It’s no secret that I have social anxiety; I get nervous even thinking about talking to people I don’t know, and I’m terrified of people judging me. But my social anxiety stretches beyond the sphere of face-to-face interaction; it follows me in the digital world too.
Let me give you an example: three months ago, I joined the page for incoming freshmen at my university, and the big trend on that page was to post an introduction of yourself. I decided to post a similar introduction because I wanted to meet people.
It took me a month to finally post that introduction.

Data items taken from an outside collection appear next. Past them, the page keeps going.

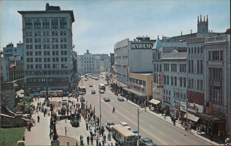 Front: DENHOLMS KRESOW KAY Rgation Back: MAIN STREET, WORCESTER, MASS. "The heart of the Commonwealth" Pub. by NATCO®, Natural Color Cards Co., Ridgefield Park, New Jersey 78707-B dp DEXTER PRESS, INC. WEST NYACK, NEW YORK HERE
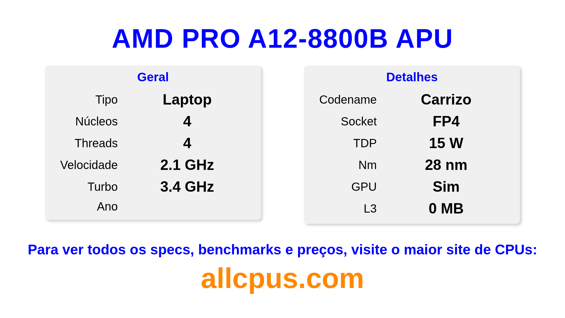O AMD PRO A12-8800B APU é um AMD processador de notebook da linha PRO A-Series, baseado na arquitetura Carrizo e lançado em . Este CPU possui 4 núcleos, clock base de 2100 MHz, frequência turbo máxima de 3400 MHz e 0 MB de cache L3. Fabricado usando tecnologia de processo de 28 nm.O AMD PRO A12-8800B APU é projetado para o socket FP4. Inclui gráficos integrados AMD Radeon R7 Graphics.
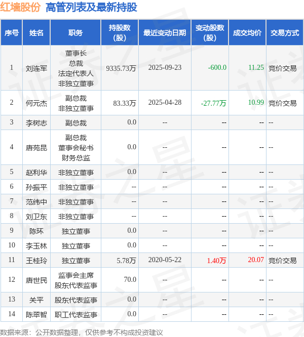 红墙股份近半年内的董监高及核心技术人员增减持详情如下:
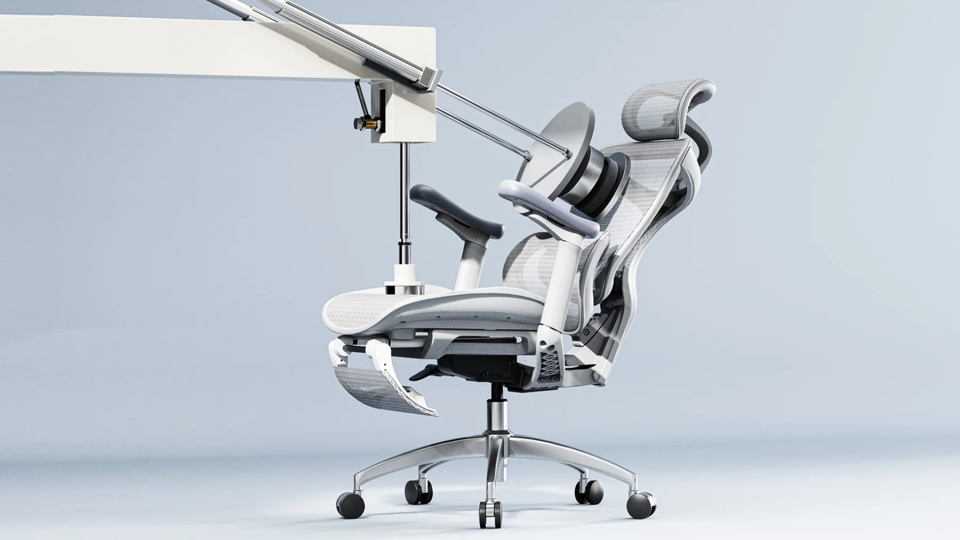 Le principal argument de la C300 est son système de soutien lombaire auto-adaptatif. Ici, pas de molettes : le panneau inférieur est monté sur une suspension autonome qui pivote et suit les mouvements de votre bassin automatiquement. Le dossier, très flexible latéralement, accompagne vos torsions, tandis que la résistance de l’inclinaison s’ajuste automatiquement à votre poids.

Every time I went to the page telling myself that I would finally write that intro, I would get a few words down, delete everything, and shut my computer off. Eventually, I got tired of always deleting everything, so I opened a Google doc and spent a few weeks tweaking my intro until finally I just decided to get it over with (kind of like ripping a band-aid off). As soon as I had posted it, I shut my computer off and didn’t check Facebook for a few hours.
Once I turned Facebook back on (after worrying constantly about how my intro would be received) I was pleasantly surprised to find that people had reacted well to it. Some people had commented on it, so I replied to them, talked a little, and then one girl asked me to send her a friend request. So I did. And then I had a panic attack.
I had a panic attack because I sent someone a friend request.
It’s true that was an extreme case of my anxiety (it’s the only panic attack I’ve gotten from sending someone a friend request) but I still have anxiety every time I contribute to a social media platform. I’ve actually downloaded Snapchat three or four times already and deleted it each time. I tried Twitter once, but I deleted my account. I have an Instagram, but I only post once in a blue moon (and when I do, it’s nearly always a picture of AT&T Park). I’ve even had a Tumblr twice, and I thought that would help (because Tumblr is supposedly the place where people with social anxiety go) but I deactivated my account twice.
Pretty much the only social media platform I’m on is Facebook, and every time I post something, my anxiety skyrockets because I’m scared people will find me annoying for my content or for posting too much (even though I can count the number of times I’ve posted so far this year on two hands).
And honestly, it seems like a pretty weird thing to be anxious about.